Don't worry - I'm doing this all on a Super Duper! clone of my primary drive, so I can go back to SLS whenever I need to.
BUT, I can tell that the server's status is at least partially okay, even in this stalled setup state - iChat seems to work on various clients, and I can use Server Admin to see stats and services, etc.
So despite the discomfort of a failed install, part of me feels like I'll be fine with the LS if I can just figure out how to move my old data into the right places for the new system to use it. But I can't find any guidance for that. I'm looking to migrate OD (seems to have migrated fine), iCal, iChat, Address Book, Wikis, Time Machine, and File Sharing (which should be trivial to set up, I reckon).
Can anyone point me in the right direction?
Thanks very much,
WillhausOkay, so I've had some marginal success.
After leaving the hung install for a ridiculous amount of time (24+ hours), I realized that I could click the help button, and from the help window click the "further info about Lion Server" link to launch Safari. That gave me access to Software Update from the Apple menu, which then let me install the latest Safari update which conveniently enough requires a restart.
After restart, the Server Migration Assistant kicked in again, but failed quickly in the upgrading services stage. Another restart, and the sever finally booted more or less normally.
The strange thing was that although chat services worked fine during the hung install, all OD-related services stopped working after restarting. Turns out there were no users or groups in OD. Importing them from an OD archive, though, restored them.
So now iChat works great (even the old chat longs migrated successfully), and AFP is properly sharing our volumes across our studio's network. So our server is limping along.

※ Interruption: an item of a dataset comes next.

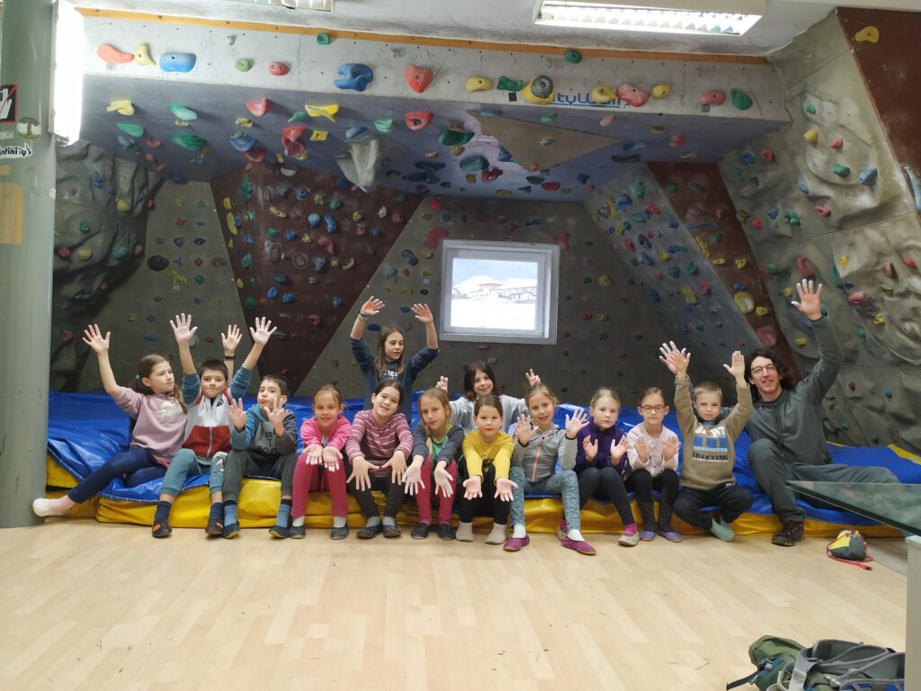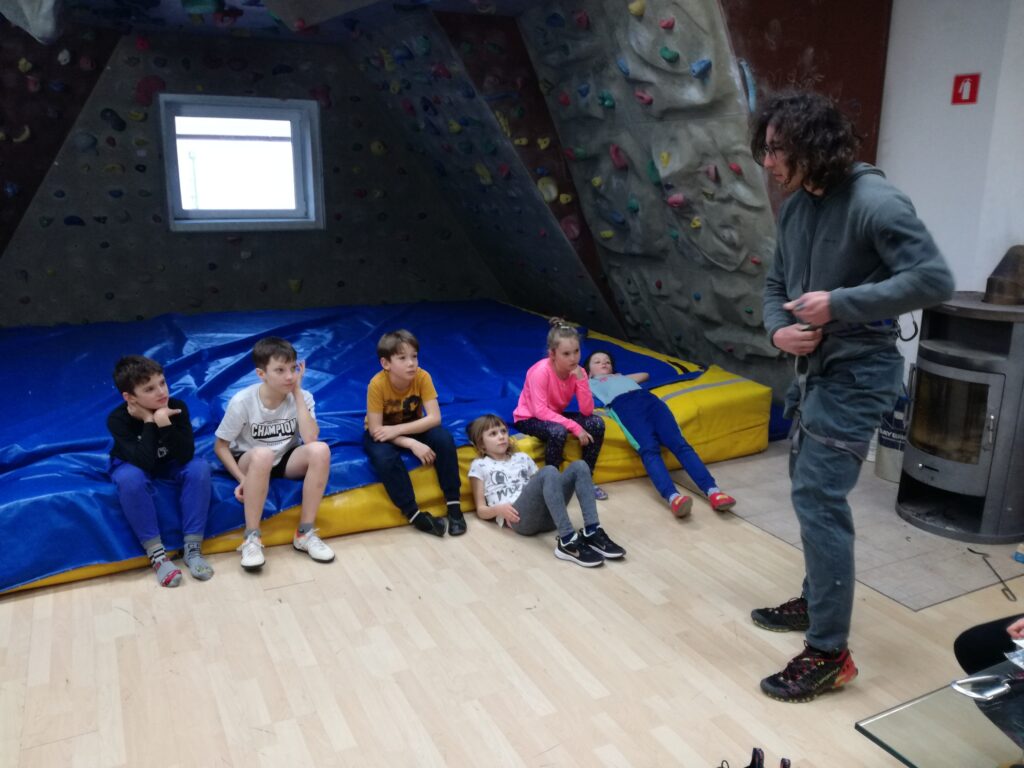 Član Soškega alpinističnega odseka PD Tolmin Gregor Manfreda je učence najprej ogrel od glave do prstov na nogah. Nato so spoznali osnove plezanja, plezalno opremo in varnost pri plezanju.

The other services we need that aren't up yet are Wiki and iCal. Some info about those:
Wiki: administrators can log in and see all wikis just fine. That's awesome because it means the data migrated successfully. Any non-admin users can log in, but are then get a wiki-styled page that says simply "No wikis found". It's as if they don't have permissions to see the wikis, even though in Server.app they belong to the groups that the wikis are associated with. I've tried removing and re-adding users to groups, but that doesn't seem to do it. Any ideas how to fix this?
Calendar: While I can't get this to work, it's not like it's completely lifeless. An account in a client Lion iCal configured with the proper Lion settings returns an error that reads:
"The Server is Busy or Unavailable.
"The server at myserver.com is currently unable to handle the connection for account “ Calendars” due to a temporary overloading or maintenance of the server. If this continues you should contact the server administrator.
"You may try to connect to the server again or take the account offline."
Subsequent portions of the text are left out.